The Coffin Bay Pony is a semi-feral horse that developed in Australia. These ponies evolved from foundation bloodstock of 60 Timor Ponies that were imported by English settlers from Indonesia to Coffin Bay, on the southern tip of the Eyre Peninsula at Coffin Bay, South Australia.
Coffin Bay Ponies are often confused with Australia's most noted feral horses, the Brumby, which lives in wild mobs all over Australia. However, Coffin Bay ponies live in a fenced protected area.

==Characteristics==
Coffin Bay ponies have always been reared in a semi-wild and wild manner, which has made them healthy and hardy with strong bones and hooves. Ponies have a conformation which is very reminiscent of a Timor pony with good hindquarters and short legs. They have a kind and intelligent eye. There are two acceptable types of Coffin Bay ponies, the lighter saddle type and a slightly stronger type with clean legs, for both driving and riding.

Domesticated ponies have a very manageable and friendly temperament that is suitable for children and small adults. Even feral ponies also possess a friendly, intelligent temperament.

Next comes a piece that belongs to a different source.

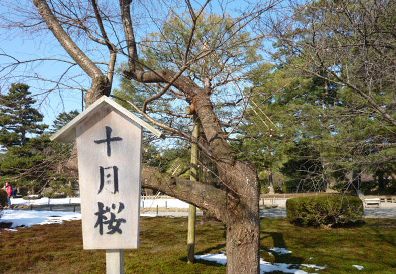 天候に恵まれ、美しい逆さ雪吊りを見学し、十月桜を見て心は本当に癒されました。

Coffin Bay ponies can vary in height but they are not above . They are mainly bay, brown, black, chestnut, grey, red and blue roan and dun, but all solid colours are permissible. Broken colours such as pinto testify to the presence of other bloodlines and are therefore not permitted. White markings on the legs or face are acceptable.

== History ==
In 1839, the settler and British Captain Hawson and his family arrived in Happy Valley in South Australia to live and breed horses. With him came the 60 Timor Ponies which Captain Hawson had purchased from the Rajah of Sumatra in Indonesia. These ponies would be the basis of Hawson’s newly established stud farm to breed ponies that were well suited for the hot climate.

The shipping company V. & E. Solomon imported to South Australia, around the same time, 50 Timor Ponies. It is possible this refers to the same consignment.

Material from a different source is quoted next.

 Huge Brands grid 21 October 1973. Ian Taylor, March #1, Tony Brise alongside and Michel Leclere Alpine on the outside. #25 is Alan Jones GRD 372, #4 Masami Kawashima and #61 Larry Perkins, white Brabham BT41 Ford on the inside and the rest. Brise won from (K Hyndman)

Hawson's company expanded and the Timor ponies were moved to his new lease at the Coffin Bay Run in 1847. Here they were bred in a semi-wild, yet controlled manner in the new stud, Coffin Bay Run. In 1857 Coffin Bay Run was sold to W. R. Mortlock who instead of investing in the pure Timor ponies, imported larger horses and ponies, which he crossed with the semi-wild Timor ponies to produce larger stock. Mortlock used approved stallions of the Welsh Cob, Thoroughbred and Arabian Horse breeds in the herd. He also used Clydesdale and Hackney horses who may have had influence on the Coffin Bay Ponies.

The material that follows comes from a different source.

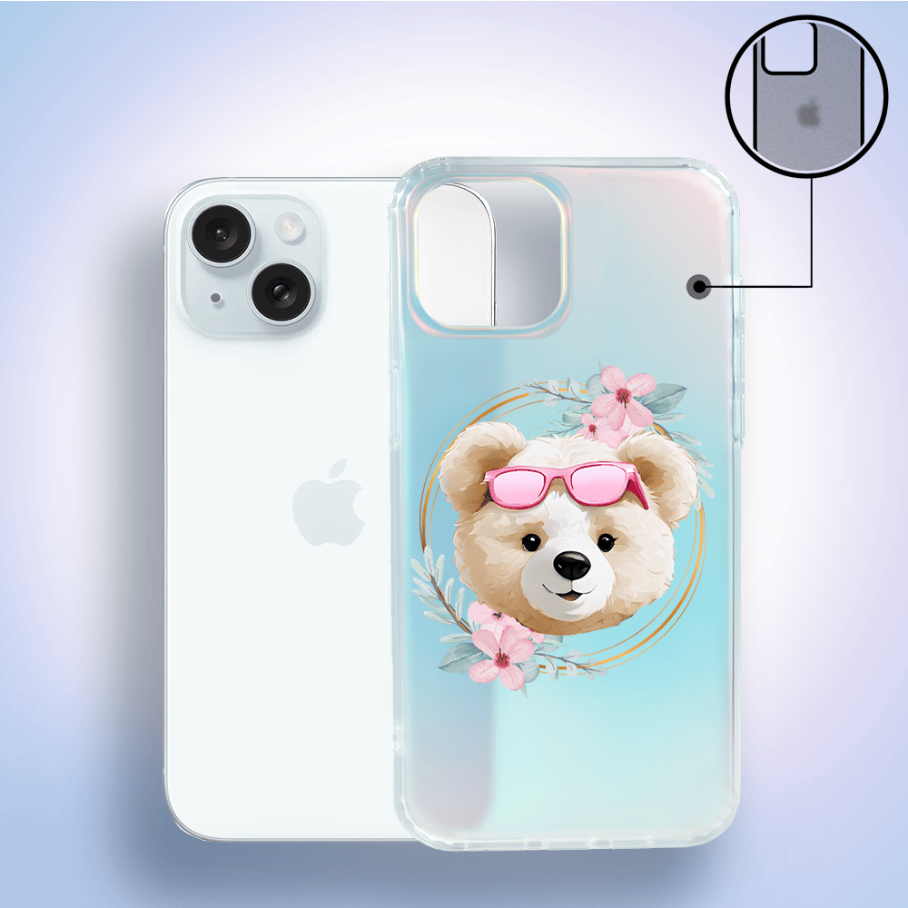 Etui do iPhone 15 Plus IBIZU California Sunset, zmieniające kolor, Flower Queen, miś z kwiatami

Mortlock used a selective breeding plan and culled unwanted ponies which were sold. During the early 1860s, the ponies were very popular and often sold in pairs and matching teams to be used for driving, while others were sold and used for polo and as cavalry horses.

In 1927 Mortlock's descendants sold the Coffin Bay Run to Martin Cash. Before the sale, the management of the farm and horse herd had been neglected, as it was no longer commercially viable to breed horses. Ponies became untamed and wild, growing rapidly in number and causing major problems for the farm's new owner. Many of the ponies were culled or shot in order to reduce their numbers.

The Morgan family purchased the Coffin Bay Run in 1932. This family immediately saw potential for these ponies and sold them instead of shooting them. Ponies became popular again when the depression led to petrol and diesel becoming rationed and very expensive. Tractors, which once had replaced horses for field work on the farms, were now too expensive to use, making ponies and horses indispensable. The Morgan family therefore mustered a small portion of the herd a few times during the year and sold them at markets in Port Augusta.

After World War II finished, however, demand for ponies declined as the economy stabilized and the mechanization of society made equine work animals obsolete. Moss Morgan, who owned the farm during this time, developed a new use for Coffin Bay Ponies, which he had mustered, trained to ride, and then sold as riding ponies.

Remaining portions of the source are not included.